Hello,
I am using Dremio version 24.3.2
I am trying to create a raw reflection from a view that makes some calculations and joins from some other raw tables.
In total, all the tables together use 160 MB of Blob storage space, and the total number of files is 3000.
My data source is Azure Blob Storage.
Whenever I run the view query, it takes around 30-60 seconds.
Now I want to activate a reflection for this view, so that it takes less than 5 seconds to retrieve the data every time I run it.
The problem is that, whenever I try to create a reflection it processes the job for many hours, and it never finishes. For example, I have tried running the reflection creation 2 times. One for 66hours and another time for 17 hours. None of them succeeded.
I am using a 4 core 32 GM RAM single node.
I have tried creating a raw reflection for one of the tables that is used in the view, and it succeeded after 1 hour.
Is there a limitation with views that I should be aware of?
I have tried every solution that I could find on this forum, but without success.
Any help would be greatly appreciated.
Thanks
Here is the last query profile I performed
d1b83bd4-b4f0-4595-aeac-64b790b7d65d.zip (72.8 KB)
@rrosenzvaig On 24.x this path should have used Iceberg Metadata but instead because the below setting have been disabled (by default true)
{
"kind" : "BOOLEAN",
"type" : "SYSTEM",
"name" : "dremio.execution.support_unlimited_splits",
"bool_val" : false
}, {
"kind" : "BOOLEAN",
"type" : "SYSTEM",
"name" : "dremio.iceberg.enabled",
"bool_val" : false
},
In this path, metadata refresh is on the coordinator and every refresh is a Full refresh vs in the new flow it is shared by all the executors just like a query and the metadata part is incremental.
I would be interested to see your query profile without the reflection as that would also have used the old code path
In this profile, PARQUET_WRITER is taking all the time butI see no metrics. I need to see the profile with unlimited splits turned on
Do you have the steps? It is just not turning the above keys but your metadata will start going to your dist storage and you would have to compute metadata for all PDS by doing a forget and refresh. In fact in the next version these keys will be dropped
Thanks
Bali
Thanks for the response.
I am testing thew configs on a test server. I did a reset on the entire environment, and I am going to try the reflection again.
As soon as I can, I share the query plan as well.
Is there anything else I should try?
@balaji.ramaswamy I have the new query profile after reseting all settings.
940e8fe8-af5a-4901-b83f-8ab08540adc0.zip (55.0 KB)
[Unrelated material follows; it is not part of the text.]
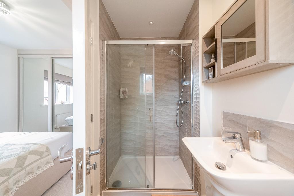 Upstairs, the property features four bedrooms, offering versatility for family living, guests, or a home office. The principal bedroom benefits from an en-suite shower room, while the additional three bedrooms are well-served by a modern family bathroom.

All the time is spent on PARQUET_WRITER and the record processing rate is extremely slow. If you see all the time is spent on process so this is not IO, It looks like 2af9eea3408a
is a 4 core box and that could be the issue as the PARQUET_WRITER is writing 7 million per thread. Still the record processing rate seems slow
When you run this reflection and after 30 minutes, is it possible to get a thread dump about 1 every second for say 5 minutes
#!/bin/bash
for i in seq -w 3 1 300
do
jstack -l dremio-pid > ThreadDump$i.txt
sleep 1
done
- chmod +x jstack.sh
./jstack.sh
tar -cvf jstack.tar *.txt
gzip jstack.tar
And send the jstack.tar.gz file
Ok. Thanks a lot for the sugestion. I will run this test and share the results as soon as possible
@balaji.ramaswamy Here is the file
jstack.tar.zip (4.2 MB)
@rrosenzvaig Sorry my bad, please also send me the profile of the job that was running when you took the thread dumps as I need to trace the job ID in the thread dump
Sure. It is either 1a0f5213-d05d-3d69-c0e5-d4a018bdd800 or 1a0e6326-7327-17ba-72b1-9fc4893f2100
@rrosenzvaig Do not see both Job IDs in the ThreadDump files. Can you please send me the profile of the Reflection refresh that never finished when this thread dump was taken?